New BUSCO vs (very old) CEGMA
If I’m only going to write one or two blog posts a year on this blog, then it makes sense to return to my recurring theme of don’t use CEGMA, use BUSCO!
In 2015 I was foolishly optimistic that the development of BUSCO would mean that people would stop using CEGMA — a tool that we started developing in 2005 and which used a set of orthologs published in 2003! — and that we would reach ‘peak-CEGMA’ citations that year.
That didn’t happen.

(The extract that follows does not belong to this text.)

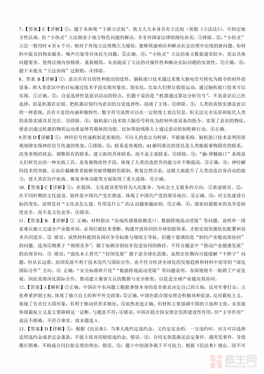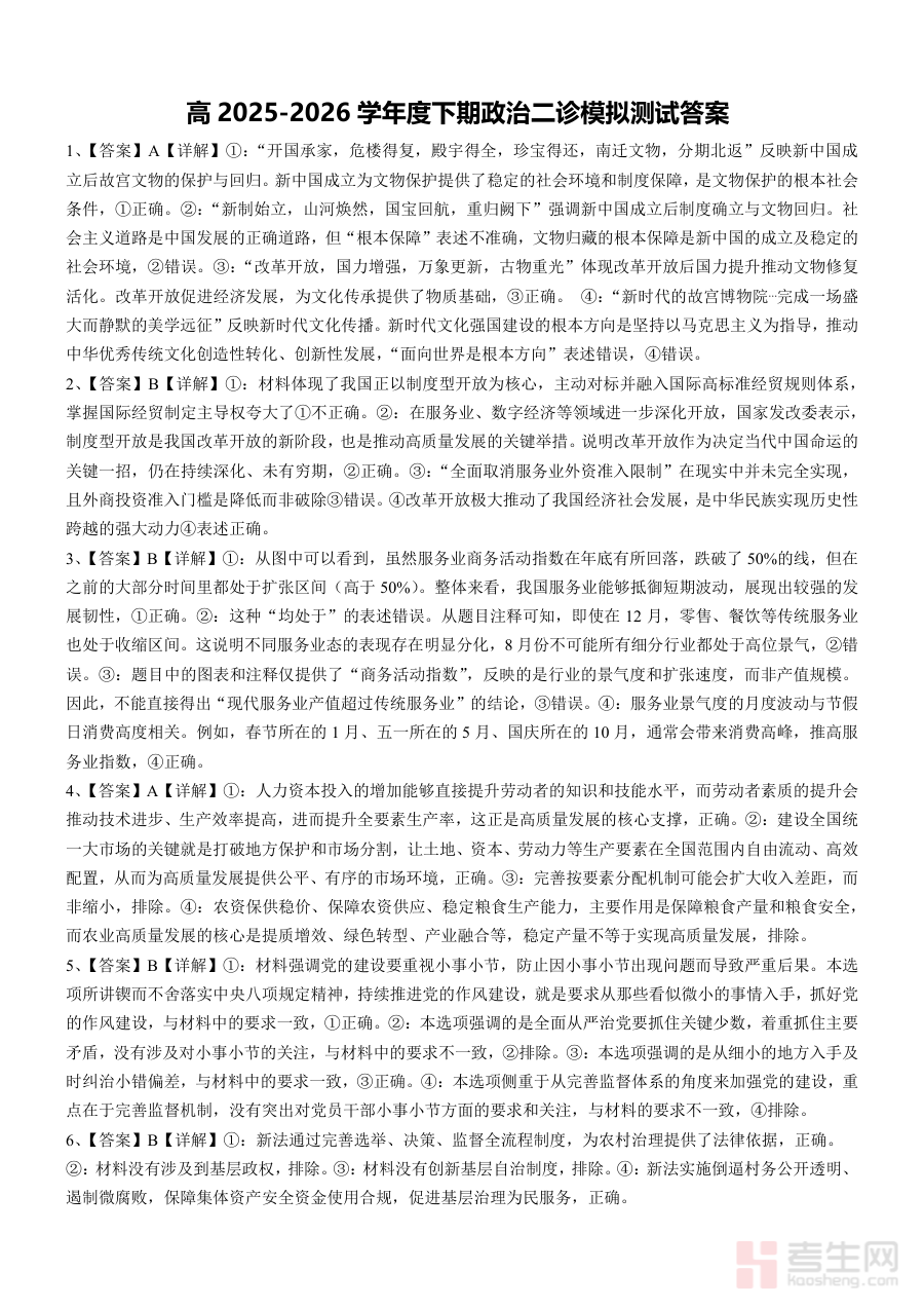 《成都市第七中学2025~2026学年度下期高2026届二诊模拟考试 政治答案》是针对成都市2025至2026学年度下学期、高2026届学生的二诊模拟考试政治科目的配套答案资料。该资料依托成都七中优质的教学资源与命题经验,紧密贴合当地高三阶段二诊模拟考试的考查方向与核心要求,为师生提供了对应考试的标准化参考答案支撑,是高三政治学科阶段性复习中重要的参考资料。

At the end of 2017, I again asked the question have we reached peak-CEGMA? because we had seen ten consecutive years of increasing publications.
Well I’m happy to announce that 2017 did indeed see citations to our 2007 CEGMA paper finally peak:
CEGMA citations by year (from Google Scholar)
Although we have definitely passed peak CEGMA, it still receives over a 100 citations a year and people really should be using tools like BUSCO instead.
This neatly leads me to mention that a recent publication in Molecular Biology and Evolution describes an update to BUSCO:
From the introduction:
With respect to v3, the last BUSCO version, v5, features: 1) a major upgrade of the underlying data sets in sync with OrthoDB v10; 2) an updated workflow for the assessment of prokaryotic and viral genomes using the gene predictor Prodigal (Hyatt et al. 2010); 3) an alternative workflow for the assessment of eukaryotic genomes using the gene predictor MetaEuk (Levy Karin et al. 2020); 4) a workflow to automatically select the most appropriate BUSCO data set, enabling the analysis of sequences of unknown origin; 5) an option to run batch analysis of multiple inputs to facilitate high-throughput assessments of large data sets and metagenomic bins; and 6) a major refactoring of the code, and maintenance of two distribution channels on Bioconda (Grüning et al. 2018) and Docker (Merkel 2014).
Please, please, please…don’t use CEGMA anymore! It is enjoying a well-earned retirement at the Sunnyvale Home for Senior Bioinformatics Tools.